Keep the pictures out and restate every record exactly.

------------------------------

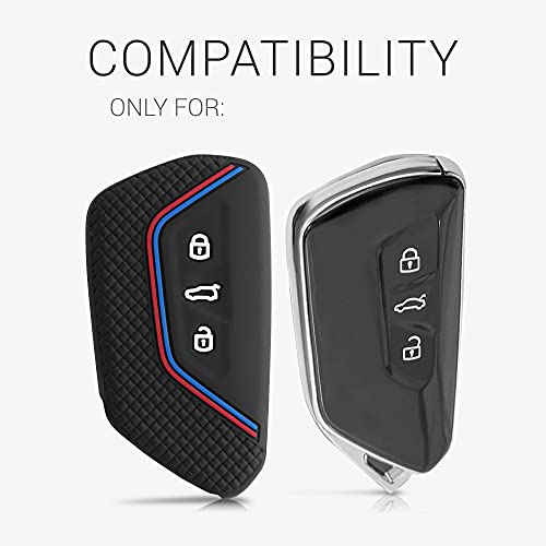 Specification: kwmobile autosleutel hoesje compatibel met VW Golf 8 3-knops autosleutel – Autosleutel behuizing in zwart/rood/blauw
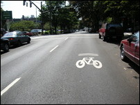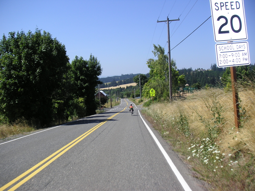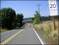 We decided to head west to check out the roads that lead into the surrounding hills. As with the Springwater ride, the route we followed was suggested by the site Oregon.com, which has a list of five bike rides in and around Portland. Using the directions and the bike map we were able to make our way to NW Cornell Rd that has a good shoulder for cyclists. There are two narrow tunnels on this road, but an ingenious solution was built to accommodate cyclists and pedestrians; trails are built into the hillside to skirt around the tunnels.
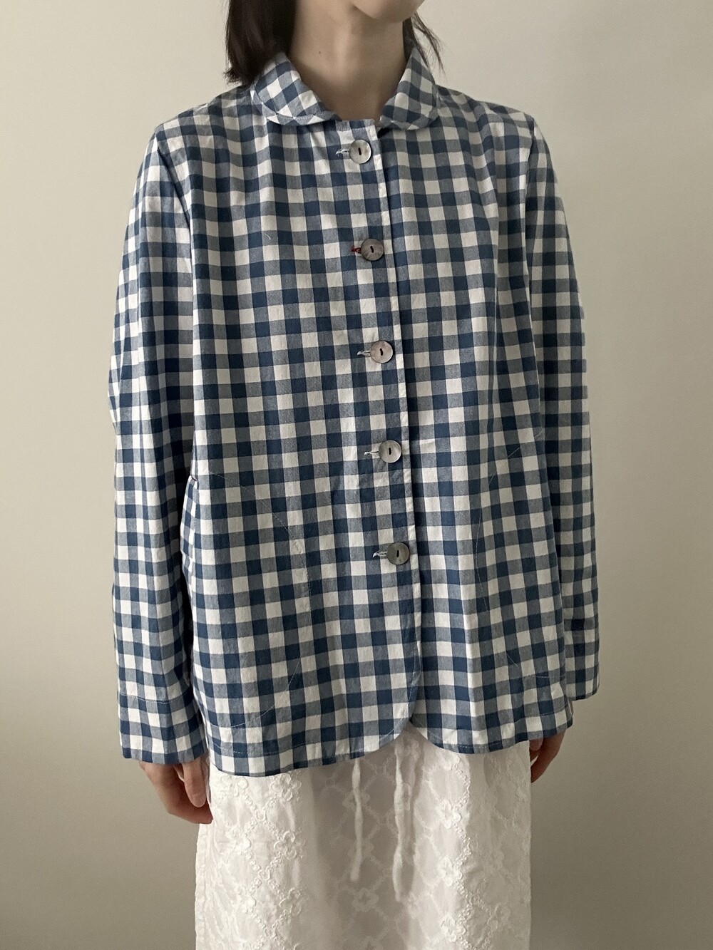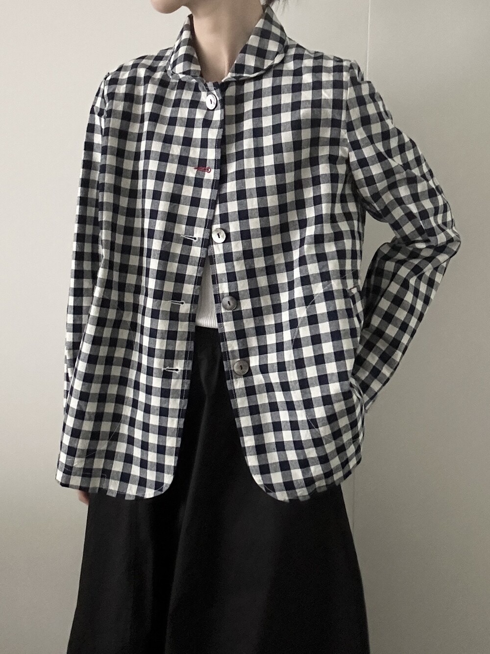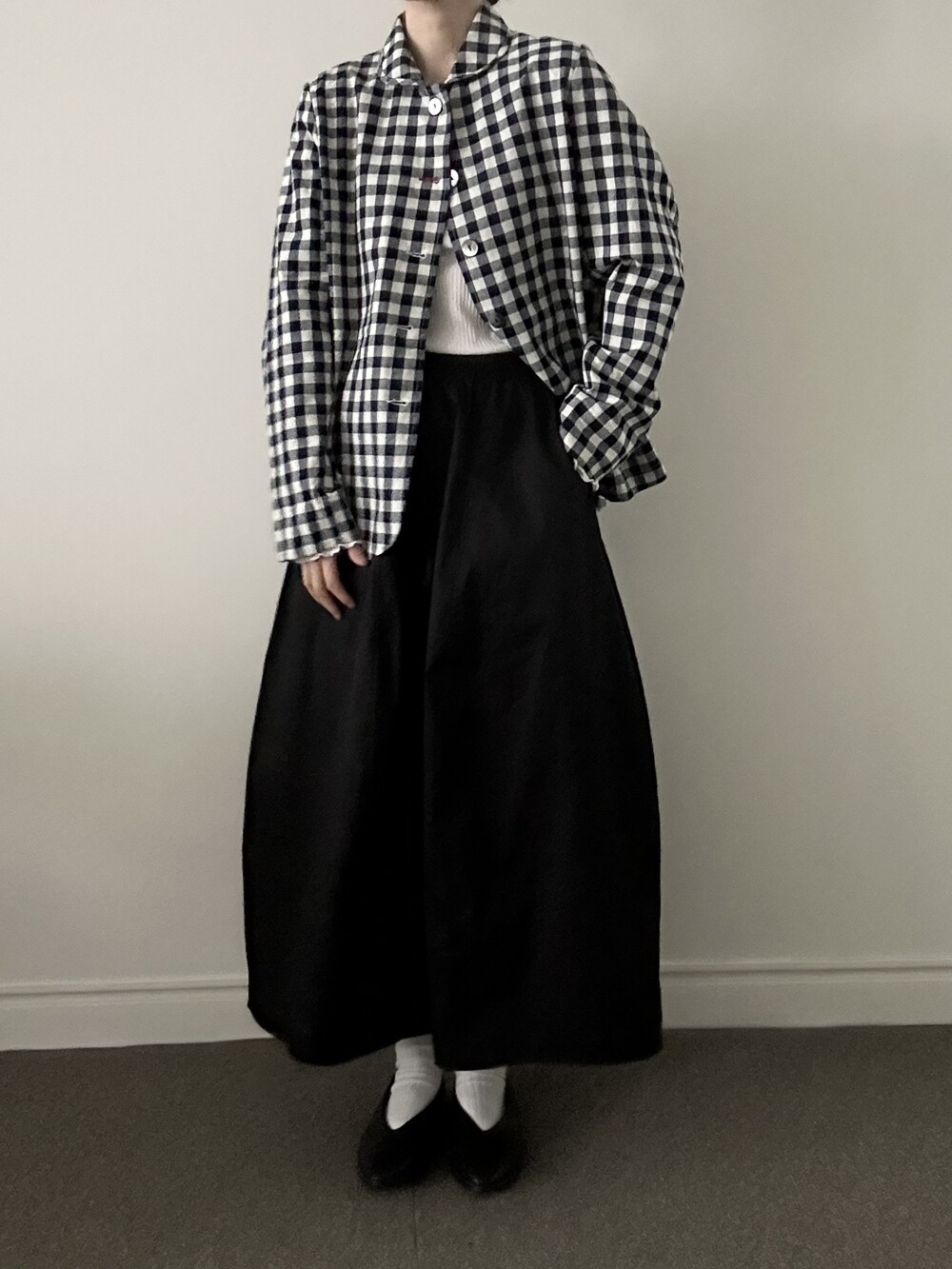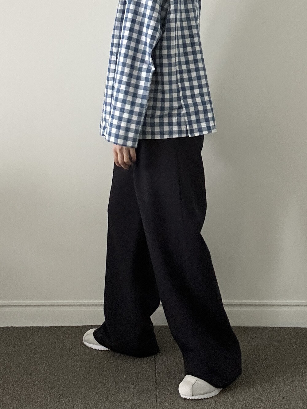 실을 먼저 염색해 짜낸 선염 원단 특유의 깊이감 있는 체크 패턴이 자연스럽고 은은한 분위기를 만들어줍니다.
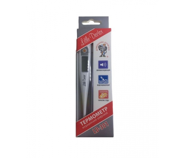 Электронный термометр LD-301 торговой марки Little Doctor представляет собой медицинский прибор нового поколения для измерения температуры тела пациента. В основе работы лежит принцип изменения электрического сопротивления проводника с последующей фиксацией результатов с помощью электроники. Корпус термометра защищен от попадания влаги. Индикация происходит с помощью жидкокристаллического дисплея и звукового сопровождения. Прибор сохраняет в памяти последний результат.
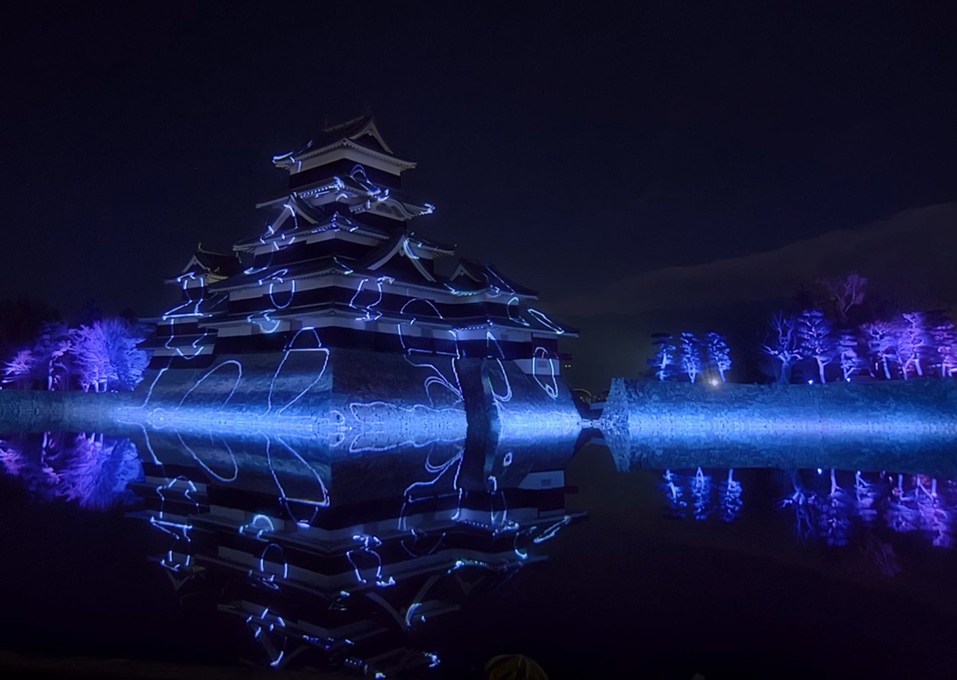 2022年12月1日(木)より「光と氷の城下町フェスティバル」の「松本市イルミネーション2022-23」にてレーザーマッピング「松本城〜氷晶きらめく水鏡〜」が実施中です。2022年度は「願い」をテーマとした新しい3つの演出を公開しています。
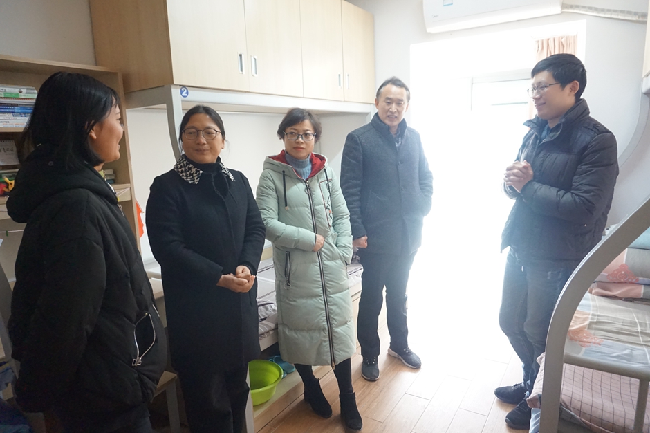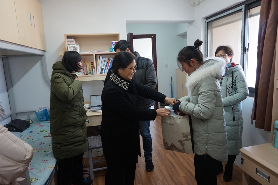 为真正贯彻落实国家、学校有关安全和资助政策,关心和帮助学生成长,12月31日下午,生化学院院长蒋功成、党总支书记陈建琴、副院长杜攀一行深入学生寝室,检查宿舍安全和卫生,并为学生送去新春祝福和慰问品。
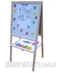 Obrotowa, kolor zielony, suchościeralno-kredowo-magnetyczna tablica z 2-rzędowym liczydłem. 3 rodzaje zegara z ruchomymi wskazówkami. Wyposażona w gąbkę i kredę. Marker w zestawie.
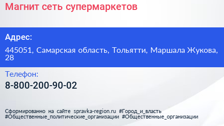 Магнит, сеть супермаркетов по адресу 445051, Самарская область, Тольятти, Маршала Жукова, 28 в дальнейшем Организация, размещена в следующих категориях:
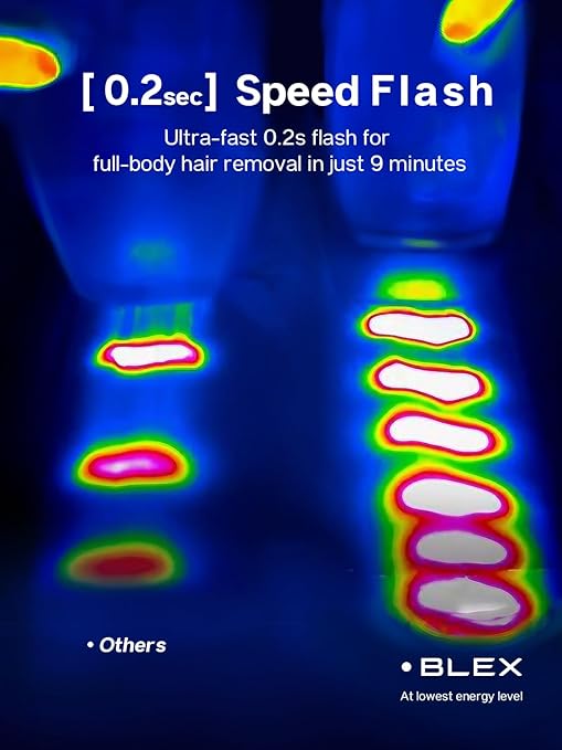 - 【Speed Flash 0.2s】Our rapid 0.2s flash technology enables a full-body treatment in a mere 9 minutes, setting a new benchmark for speed in the IPL category. It’s the ideal solution for the modern, fast-paced individual seeking quick, Blex hair removal device is reliable results.
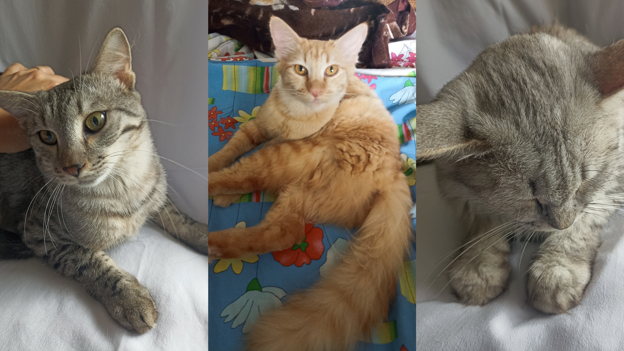 2 мальчика скоро год, Рыжий и Серый, кастрированные. По характеру разные, активные. Лапы и туловище вытянутые, как у ориенталов. Игривые. Чистые. Едят хорошо, не наглеют, в туалет по расписанию в лоток. И их мать миниатюрная очень. Спокойная, ласковая, флегматичная слегка. Такая лапочка. В хорошие руки отдаем, у бабушки 7 котов, а она в 84 года уже не справляется. Котишки бравые😽 что делать не знаем
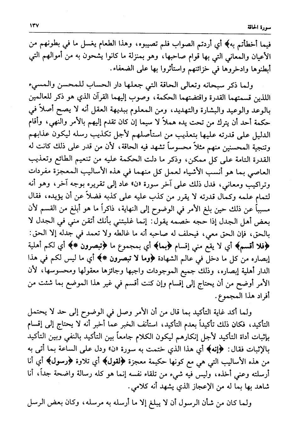 ولما ذكر سبحانه وتعالى الحاقة التي جعلها دار الحساب للمحسن والمسيء اللذين قسمتها القدرة واقتضتهما الحكمة ، وصوب إليهما القرآن الذي هو ذكر للعالمين بالوعد والوعيد والبشارة والتهديد ، ومن المعلوم ببديهة العقل أنه لا يصح أصلاً في حكمة أحد أن يترك من تحت يده هملاً لا سيما إن كان تقدم إليهم بالأمر والنهي ، وأقام الدليل على قدرته عليها بتعذيب من استأصلهم لأجل تكذيب رسله ليكون عذابهم وتنجية المحسنين منهم مثلاً محسوساً تشهد فيه الحاقة ، لأن من قدر على ذلك كانت له القدرة التامة على كل ممكن ، وذكر ما دلت الحكمة عليه من تنعيم الطائع وتعذيب العاصي بما هو أنسب الأشياء لعمل كل منهما في هذه الأساليب المعجزة مفردات وتراكيب ومعاني ، فدل ذلك على آخر سورة ( ن ) عاد إلى تقريره بوجه آخر ، وهو أنه لتمام علمه وكمال قدرته لا يقرر من كذب عليه على كذبه فضلاً عن أن يؤيده ، فقال مسبباً عن ذلك حين بلغ الأمر في الوضوح إلى النهاية ، ذاكراً ما هو أبلغ من القسم لأن بعض أهل الجدل إذا حجه خصمه يقول : إنما غلبتني بأنك أتقن مني في الجدل بالحق ، فإن الحق معي ، فيحلف له صاحبه أنه ما غالطه ولا تعمد في جدله إلا الحق ، ) فلا أقسم ) أي لا يقع مني إقسام ) بما ) أي بمجموع ما ) تبصرون ) أي لكم أهلية إبصاره من كل ما دخل في عالم الشهادة ) وما لا تبصرون ) أي ما ليس لكم في هذا الدار أهلية إبصاره ، وذلك جميع الموجودات واجبها وجائزها معقولها ومحسوسها ، لأن الأمر أوضح من أن يحتاج إلى إقسام وإن كنت أقسم في غير هذا الموضع بما شئت من أفارد هذا المجموع .
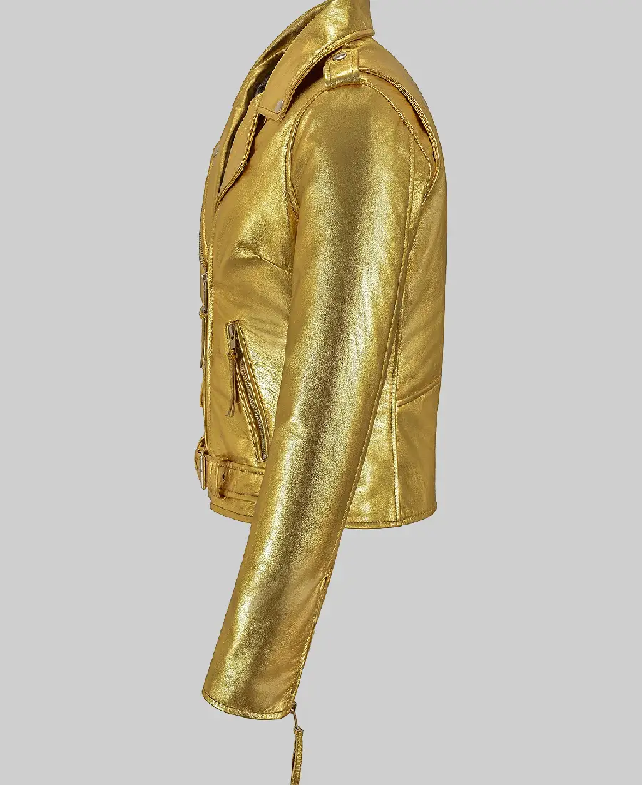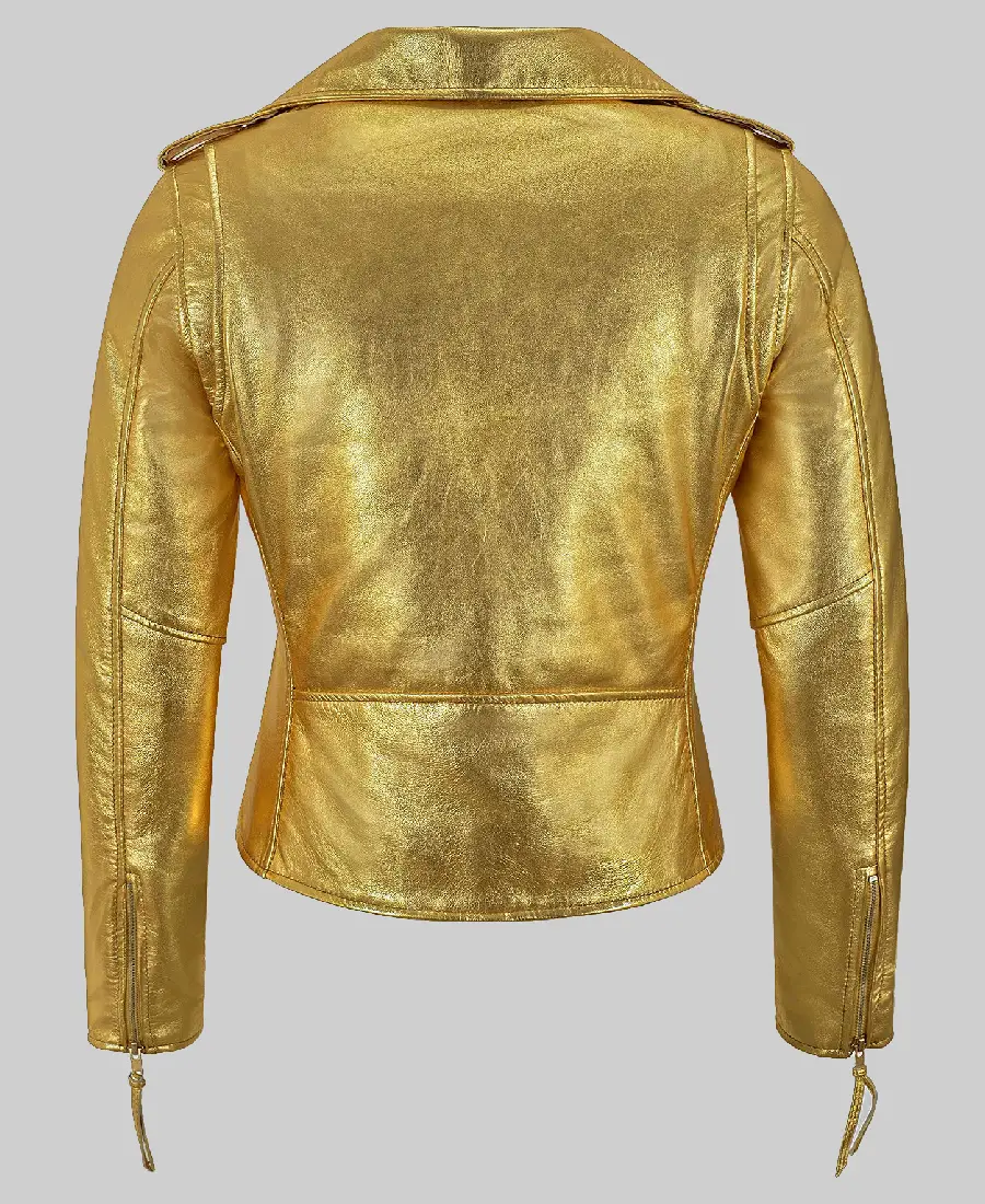 Paradise Gold Leather Biker Jacket

------------------------------

→ Response area:
 Specification: kwmobile autosleutel hoesje compatibel met VW Golf 8 3-knops autosleutel – Autosleutel behuizing in zwart/rood/blauw
 We decided to head west to check out the roads that lead into the surrounding hills. As with the Springwater ride, the route we followed was suggested by the site Oregon.com, which has a list of five bike rides in and around Portland. Using the directions and the bike map we were able to make our way to NW Cornell Rd that has a good shoulder for cyclists. There are two narrow tunnels on this road, but an ingenious solution was built to accommodate cyclists and pedestrians; trails are built into the hillside to skirt around the tunnels.
 실을 먼저 염색해 짜낸 선염 원단 특유의 깊이감 있는 체크 패턴이 자연스럽고 은은한 분위기를 만들어줍니다.
 Электронный термометр LD-301 торговой марки Little Doctor представляет собой медицинский прибор нового поколения для измерения температуры тела пациента. В основе работы лежит принцип изменения электрического сопротивления проводника с последующей фиксацией результатов с помощью электроники. Корпус термометра защищен от попадания влаги. Индикация происходит с помощью жидкокристаллического дисплея и звукового сопровождения. Прибор сохраняет в памяти последний результат.
 2022年12月1日(木)より「光と氷の城下町フェスティバル」の「松本市イルミネーション2022-23」にてレーザーマッピング「松本城〜氷晶きらめく水鏡〜」が実施中です。2022年度は「願い」をテーマとした新しい3つの演出を公開しています。
 为真正贯彻落实国家、学校有关安全和资助政策,关心和帮助学生成长,12月31日下午,生化学院院长蒋功成、党总支书记陈建琴、副院长杜攀一行深入学生寝室,检查宿舍安全和卫生,并为学生送去新春祝福和慰问品。
 Obrotowa, kolor zielony, suchościeralno-kredowo-magnetyczna tablica z 2-rzędowym liczydłem. 3 rodzaje zegara z ruchomymi wskazówkami. Wyposażona w gąbkę i kredę. Marker w zestawie.
 Магнит, сеть супермаркетов по адресу 445051, Самарская область, Тольятти, Маршала Жукова, 28 в дальнейшем Организация, размещена в следующих категориях:
 - 【Speed Flash 0.2s】Our rapid 0.2s flash technology enables a full-body treatment in a mere 9 minutes, setting a new benchmark for speed in the IPL category. It’s the ideal solution for the modern, fast-paced individual seeking quick, Blex hair removal device is reliable results.
 2 мальчика скоро год, Рыжий и Серый, кастрированные. По характеру разные, активные. Лапы и туловище вытянутые, как у ориенталов. Игривые. Чистые. Едят хорошо, не наглеют, в туалет по расписанию в лоток. И их мать миниатюрная очень. Спокойная, ласковая, флегматичная слегка. Такая лапочка. В хорошие руки отдаем, у бабушки 7 котов, а она в 84 года уже не справляется. Котишки бравые😽 что делать не знаем
 ولما ذكر سبحانه وتعالى الحاقة التي جعلها دار الحساب للمحسن والمسيء اللذين قسمتها القدرة واقتضتهما الحكمة ، وصوب إليهما القرآن الذي هو ذكر للعالمين بالوعد والوعيد والبشارة والتهديد ، ومن المعلوم ببديهة العقل أنه لا يصح أصلاً في حكمة أحد أن يترك من تحت يده هملاً لا سيما إن كان تقدم إليهم بالأمر والنهي ، وأقام الدليل على قدرته عليها بتعذيب من استأصلهم لأجل تكذيب رسله ليكون عذابهم وتنجية المحسنين منهم مثلاً محسوساً تشهد فيه الحاقة ، لأن من قدر على ذلك كانت له القدرة التامة على كل ممكن ، وذكر ما دلت الحكمة عليه من تنعيم الطائع وتعذيب العاصي بما هو أنسب الأشياء لعمل كل منهما في هذه الأساليب المعجزة مفردات وتراكيب ومعاني ، فدل ذلك على آخر سورة ( ن ) عاد إلى تقريره بوجه آخر ، وهو أنه لتمام علمه وكمال قدرته لا يقرر من كذب عليه على كذبه فضلاً عن أن يؤيده ، فقال مسبباً عن ذلك حين بلغ الأمر في الوضوح إلى النهاية ، ذاكراً ما هو أبلغ من القسم لأن بعض أهل الجدل إذا حجه خصمه يقول : إنما غلبتني بأنك أتقن مني في الجدل بالحق ، فإن الحق معي ، فيحلف له صاحبه أنه ما غالطه ولا تعمد في جدله إلا الحق ، ) فلا أقسم ) أي لا يقع مني إقسام ) بما ) أي بمجموع ما ) تبصرون ) أي لكم أهلية إبصاره من كل ما دخل في عالم الشهادة ) وما لا تبصرون ) أي ما ليس لكم في هذا الدار أهلية إبصاره ، وذلك جميع الموجودات واجبها وجائزها معقولها ومحسوسها ، لأن الأمر أوضح من أن يحتاج إلى إقسام وإن كنت أقسم في غير هذا الموضع بما شئت من أفارد هذا المجموع .
 Paradise Gold Leather Biker Jacket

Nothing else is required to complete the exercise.